Editor’s Note: Julia Hobsbawm is a social philosopher and author specializing in addressing connected behaviour in the digital age. She has been consulted by the World Health Organisation, the OECD and the European Union on her ideas on Social Health and is Honorary Visiting Professor in Workplace Social Health at Cass Business School, City, University of London. Her latest book, “The Simplicity Principle: Six Steps Towards Clarity in a Complex Age,” will be published this month. The opinions in this commentary are her own. View more opinion at CNN.
Something extraordinary is happening in the middle of this extraordinary crisis. While the physical health of the world is in peril, a new kind of health is emerging in which the emotional connections between people start to strengthen along new, fresh lines. I call this social health.
This can be seen most clearly in the world of politics where old borders and enmities are dissolving. For evidence of this, look no further than my home country, Britain, and the response to the hospitalization due to complications from coronavirus of Prime Minister Boris Johnson.
I have known Boris for 30 years, from when he was editor of The Spectator, the famous conservative magazine. I was briefly in charge of high-value donor fundraising for the Labour Party and am the daughter of a man so left wing that Bernie Sanders flew over to the UK to give the “Eric Hobsbawm” lecture at the famous Hay Festival.
Boris doesn’t do boundaries. If he likes you, he likes you. If you are not of his political persuasion, no matter. This underscores both his popularity with the public – he won a landslide in the general election in December – and the response to his medical predicament.
When “Boris” (we refer to our leader by his first name, unlike Americans, who seem to refer to theirs by his surname) was taken into St. Thomas’ Hospital opposite the Houses of Parliament last Sunday evening and then moved on Monday night into intensive care, you could almost hear the collective gasp of grief and concern.
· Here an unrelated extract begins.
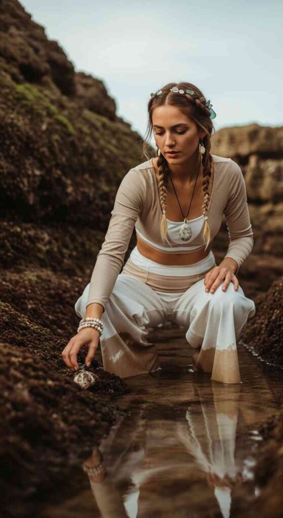 This deeply intriguing aesthetic imagines the woman as an explorer of ancient underwater ruins — sun-bleached, salt-washed, and full of quiet discovery. Sandy beige, weathered white, pale gold, and ocean-smoothed stone grey create a palette that looks like treasures pulled from the seafloor.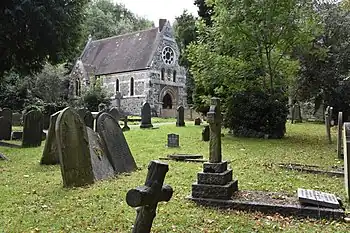 The Richmond old burial ground covers approximately 4 acres, with over 1000 graves.[36] Richmond Local History Society carried out a survey of the burial grounds in the early 2000s, documenting the graves of over 2000 people.[37] Among the many notable persons buried in the grounds, Charles Tickell Proctor, the Vicar of Richmond who helped to build the chapel, is buried to the south of the entrance along with many members of his family. William Francis who, with Richard Taylor, formed the publishers Taylor & Francis, is buried to the south east.[38] Walter Hood Fitch, a prominent botanical illustrator who worked with William Jackson Hooker at Kew Gardens, is buried to the east of the chapel.[39]

In the Daily Telegraph, house Bible of Boris Johnson’s Conservative Party and where he was a popular columnist for many years, you would expect the kind of sentiment expressed by Allison Pearson who wrote: “the health of Boris Johnson is the health of the body politic, and by extension, the health of the nation itself. All 66 million of us are metaphorically pacing the hospital corridor, desperate for news.”
But another centrist commentator, Matthew d’Ancona of Tortoise Media wrote that: “On a professional level, Boris and I fell out many years ago … Sharp words have been exchanged. And yet none of that seemed to matter now.”
By the time he went into hospital Boris Johnson’s government was criticized for instigating lockdown late and for being behind the curve in testing. Before his hospitalization, the UK was nowhere near “flattening the curve” and as I write, deaths are nudging 1,000 per day. But his illness has overridden politics.
I found myself going into a mini-meltdown when I heard the news that the Prime Minister’s condition had deteriorated and he had been moved to ICU (he remained there for three nights but has moved to a main ward in a positive sign of recovery). I worried how we would all cope if he died, and I realized this felt more like a close family member than a politician or even loose friend.
I was reminded of the handwritten note Boris – then the mayor of London – had written to me in 2012 on the day after my father died, and I went to retrieve it from a memory box I kept of all the condolence cards. His postcard – handwritten on the back of one of his mother’s paintings as if to underscore that family matters most – was one of the first to arrive.
Signed “Love Boris,” he described my father – a man whose communist politics was viciously denounced by many on the right of politics and journalism, as “wise as a treeful of owls.” He closed his note by saying, “I bet you are missing him a lot, and hope you are bearing up.”
Boris is famously close to his own family, despite them all having very different politics. In her recent memoir, his sister Rachel recounts how she stood for an opposing political party to her beloved big brother, whom she calls “Al,” and how during the Brexit row her husband Ivo, “an out-and-out gloomster Remaniac,” was “much given to trolling his brother-in-law from the sofa on Twitter.”
A few months ago, I strolled through the pre-pandemic Lower East Side of Manhattan with Rachel and Ivo, and we joked about the “social death” that different politics can bring about within social circles (my own husband was standing as a parliamentary candidate for the Brexit Party at the time, and Rachel commented that that was even worse than her brother having caused Brexit in the first place).
But Boris has helped us rediscover not social death but social health: He has connected us all to the fact that in something as serious as life and death we all choose life. It is not complicated – and don’t politicians always try to say that everything is – but the opposite. It is simple. In the face of a disaster as epic as this pandemic, political boundaries which once felt rigid to turn out to be flimsy and crumble quickly.
In fact, this should be no surprise: Neuroscience shows that every healthy human brain has one default setting running through it like a motor: Connection. We are social beings first and foremost, and this crisis is actually uniting us in a way politics never could.
When things normalize, will politics every be normal again? It feels unlikely that the Republican – Democrat divide or the Conservative – Labour tribalism can survive in its current form in the face of a health issue far more pressing – that in the end we only care about one simple thing and one thing alone: Love.